> WHAT YOU SHOULD DO
The lines to repeat are those below from the one containing "Un accattivante trittico" down to the one containing "con Puntilla ✨🌿", both included; reproduce them exactly and nothing else.

━━━━━ MATERIAL SHOWN

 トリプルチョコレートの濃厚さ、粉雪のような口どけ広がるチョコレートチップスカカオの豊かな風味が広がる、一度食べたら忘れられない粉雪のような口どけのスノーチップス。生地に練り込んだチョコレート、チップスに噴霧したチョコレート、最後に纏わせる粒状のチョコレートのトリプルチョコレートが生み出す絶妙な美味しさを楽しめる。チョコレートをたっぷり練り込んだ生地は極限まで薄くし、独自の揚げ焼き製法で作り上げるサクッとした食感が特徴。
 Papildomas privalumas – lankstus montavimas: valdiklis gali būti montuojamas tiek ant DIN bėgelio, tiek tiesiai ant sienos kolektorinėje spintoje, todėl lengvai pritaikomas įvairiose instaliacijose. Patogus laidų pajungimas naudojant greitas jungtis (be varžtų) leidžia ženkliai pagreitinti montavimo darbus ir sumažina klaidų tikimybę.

━━━━━━━━━━
━━━━━ MATERIAL SHOWN

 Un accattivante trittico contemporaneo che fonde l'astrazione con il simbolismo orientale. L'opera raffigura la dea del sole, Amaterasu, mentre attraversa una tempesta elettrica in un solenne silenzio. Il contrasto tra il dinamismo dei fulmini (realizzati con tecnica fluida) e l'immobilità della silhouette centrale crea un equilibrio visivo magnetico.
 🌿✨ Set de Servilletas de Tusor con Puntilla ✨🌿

━━━━━━━━━━

> TASK SOLUTION
 Un accattivante trittico contemporaneo che fonde l'astrazione con il simbolismo orientale. L'opera raffigura la dea del sole, Amaterasu, mentre attraversa una tempesta elettrica in un solenne silenzio. Il contrasto tra il dinamismo dei fulmini (realizzati con tecnica fluida) e l'immobilità della silhouette centrale crea un equilibrio visivo magnetico.
 🌿✨ Set de Servilletas de Tusor con Puntilla ✨🌿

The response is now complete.